• Input records:
☆ ☆ ☆ ☆ ☆

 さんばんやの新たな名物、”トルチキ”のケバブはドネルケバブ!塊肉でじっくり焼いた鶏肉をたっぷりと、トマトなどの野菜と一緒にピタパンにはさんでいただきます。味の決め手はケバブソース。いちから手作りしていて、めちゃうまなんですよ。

☆ ☆ ☆ ☆ ☆

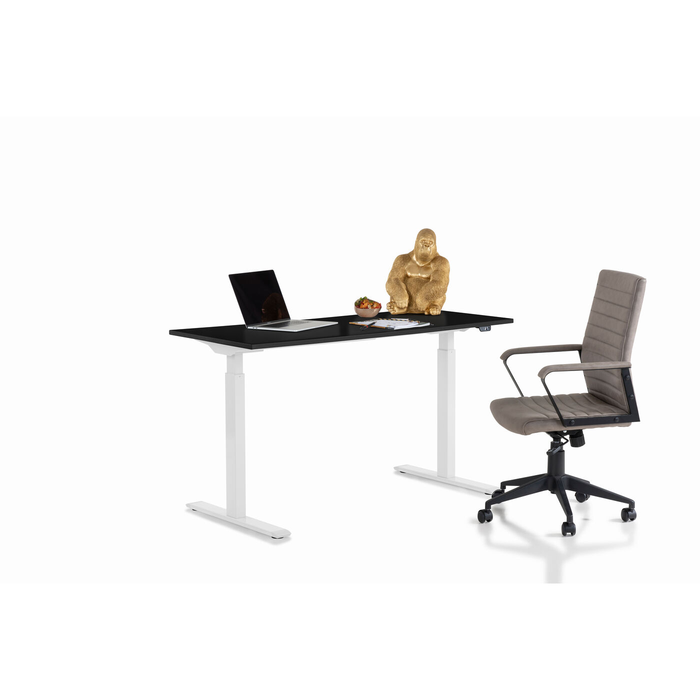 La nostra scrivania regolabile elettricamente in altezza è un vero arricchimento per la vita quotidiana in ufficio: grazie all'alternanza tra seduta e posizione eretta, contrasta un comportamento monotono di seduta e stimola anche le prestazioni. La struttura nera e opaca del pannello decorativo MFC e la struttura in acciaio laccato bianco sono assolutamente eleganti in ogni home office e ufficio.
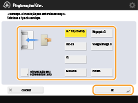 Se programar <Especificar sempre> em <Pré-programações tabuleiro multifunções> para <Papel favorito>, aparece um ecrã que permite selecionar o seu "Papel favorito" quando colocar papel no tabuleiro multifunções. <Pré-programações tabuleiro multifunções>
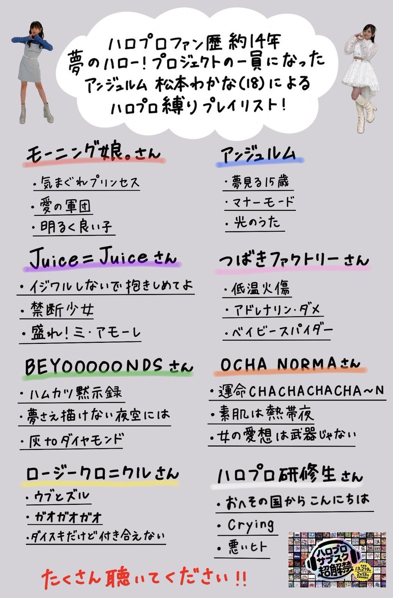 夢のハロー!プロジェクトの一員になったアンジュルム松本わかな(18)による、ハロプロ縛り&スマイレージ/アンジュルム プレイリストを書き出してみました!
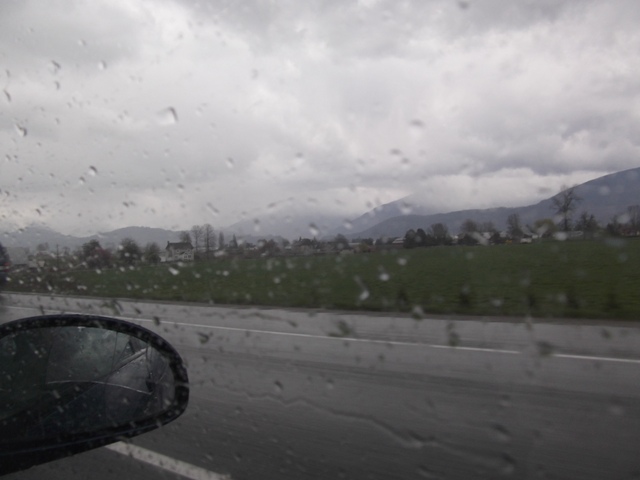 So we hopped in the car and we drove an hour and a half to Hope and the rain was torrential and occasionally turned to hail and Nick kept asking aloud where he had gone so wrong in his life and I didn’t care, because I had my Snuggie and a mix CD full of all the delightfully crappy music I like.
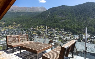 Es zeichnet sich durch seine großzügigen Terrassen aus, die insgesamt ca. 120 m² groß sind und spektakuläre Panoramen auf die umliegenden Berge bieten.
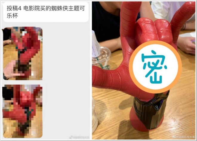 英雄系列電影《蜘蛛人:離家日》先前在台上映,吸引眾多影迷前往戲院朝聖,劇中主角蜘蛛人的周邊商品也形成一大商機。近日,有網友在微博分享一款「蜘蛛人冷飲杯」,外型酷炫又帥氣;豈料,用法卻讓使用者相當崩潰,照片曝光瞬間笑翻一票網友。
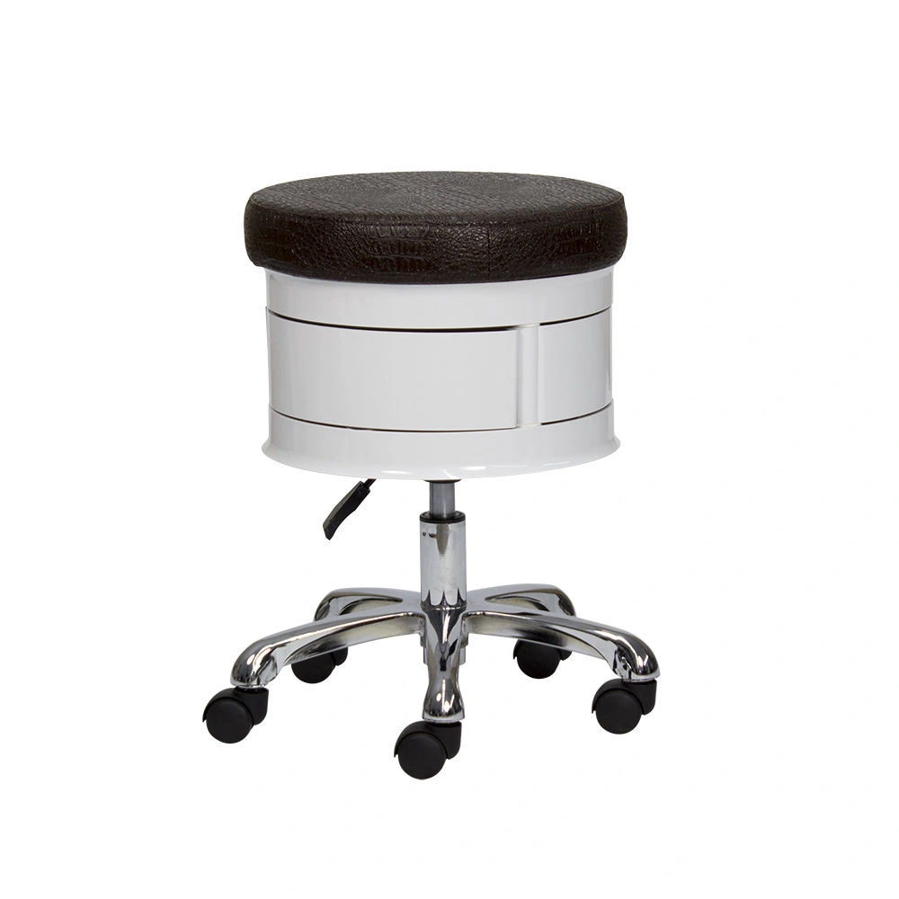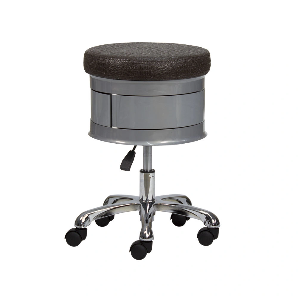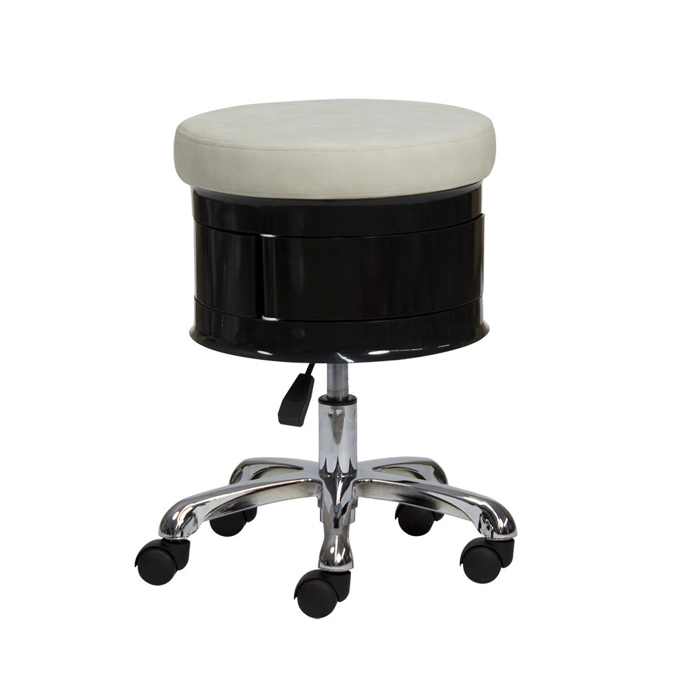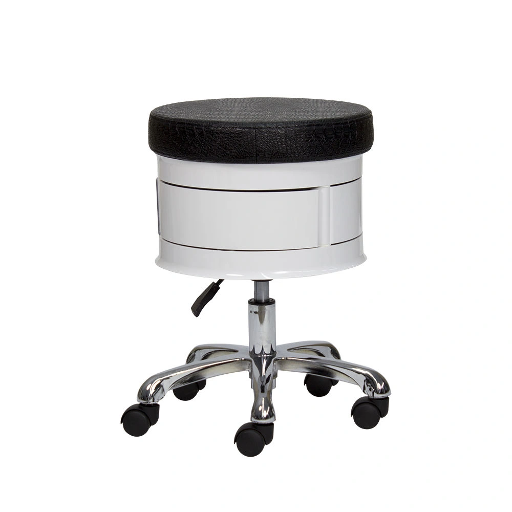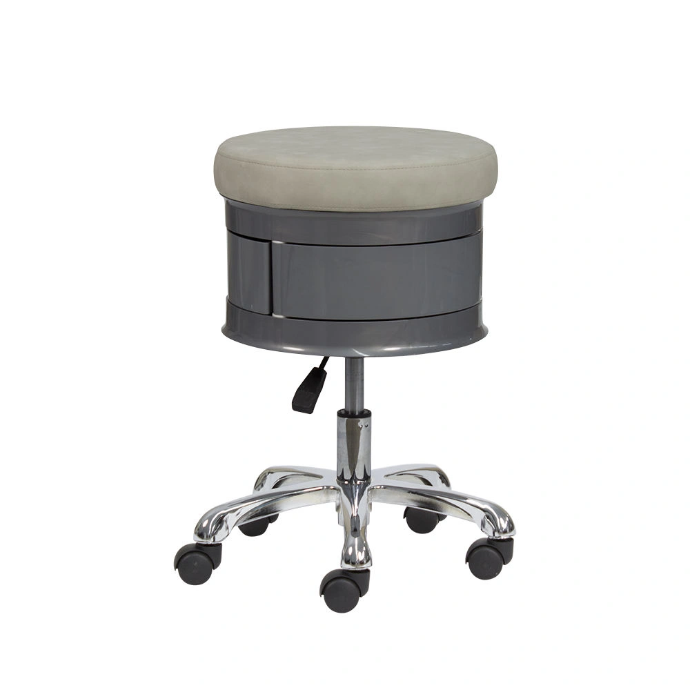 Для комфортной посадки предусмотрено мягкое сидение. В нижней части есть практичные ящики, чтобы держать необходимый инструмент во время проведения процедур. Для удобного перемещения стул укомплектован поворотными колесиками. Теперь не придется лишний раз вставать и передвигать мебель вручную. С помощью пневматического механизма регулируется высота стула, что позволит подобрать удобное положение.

☆ ☆ ☆ ☆ ☆

• Problem statement: In the data above, find the line containing "Se programar <Especificar" and the line containing "英雄系列電影《蜘蛛人:離家日". Copy exactly the stretch from the first through the second, both included, leaving out any picture.

• Output below:
 Se programar <Especificar sempre> em <Pré-programações tabuleiro multifunções> para <Papel favorito>, aparece um ecrã que permite selecionar o seu "Papel favorito" quando colocar papel no tabuleiro multifunções. <Pré-programações tabuleiro multifunções>
 夢のハロー!プロジェクトの一員になったアンジュルム松本わかな(18)による、ハロプロ縛り&スマイレージ/アンジュルム プレイリストを書き出してみました!
 So we hopped in the car and we drove an hour and a half to Hope and the rain was torrential and occasionally turned to hail and Nick kept asking aloud where he had gone so wrong in his life and I didn’t care, because I had my Snuggie and a mix CD full of all the delightfully crappy music I like.
 Es zeichnet sich durch seine großzügigen Terrassen aus, die insgesamt ca. 120 m² groß sind und spektakuläre Panoramen auf die umliegenden Berge bieten.
 英雄系列電影《蜘蛛人:離家日》先前在台上映,吸引眾多影迷前往戲院朝聖,劇中主角蜘蛛人的周邊商品也形成一大商機。近日,有網友在微博分享一款「蜘蛛人冷飲杯」,外型酷炫又帥氣;豈料,用法卻讓使用者相當崩潰,照片曝光瞬間笑翻一票網友。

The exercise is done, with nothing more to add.